EXTRACTED DATA →
::::::

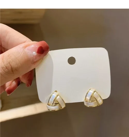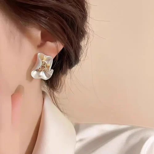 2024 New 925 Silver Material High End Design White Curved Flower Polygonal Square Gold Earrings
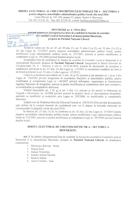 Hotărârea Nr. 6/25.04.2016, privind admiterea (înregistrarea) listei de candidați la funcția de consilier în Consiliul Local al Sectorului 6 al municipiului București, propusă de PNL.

::::::

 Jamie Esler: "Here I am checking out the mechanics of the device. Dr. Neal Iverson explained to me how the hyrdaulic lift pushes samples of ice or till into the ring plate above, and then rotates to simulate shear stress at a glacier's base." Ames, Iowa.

::::::

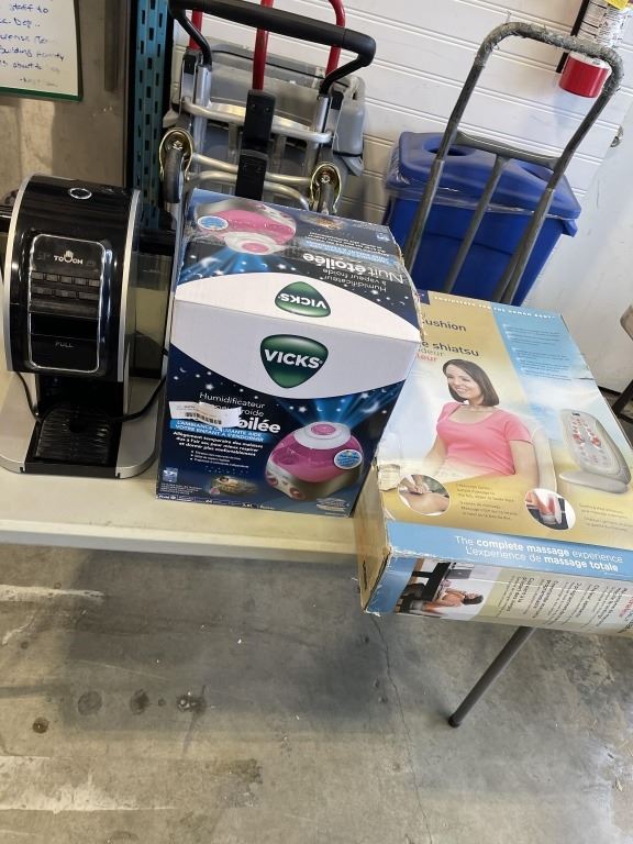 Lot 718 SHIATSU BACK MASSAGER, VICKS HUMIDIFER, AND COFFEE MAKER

::::::

ACTIVITY → Once the line with "2024 New 925" is found above, transcribe each line from it through the line with "Hotărârea Nr. 6/25.04.2016, privind", exactly, and omit the pictures.

ANSWER TO THIS PROBLEM →
 2024 New 925 Silver Material High End Design White Curved Flower Polygonal Square Gold Earrings
 Hotărârea Nr. 6/25.04.2016, privind admiterea (înregistrarea) listei de candidați la funcția de consilier în Consiliul Local al Sectorului 6 al municipiului București, propusă de PNL.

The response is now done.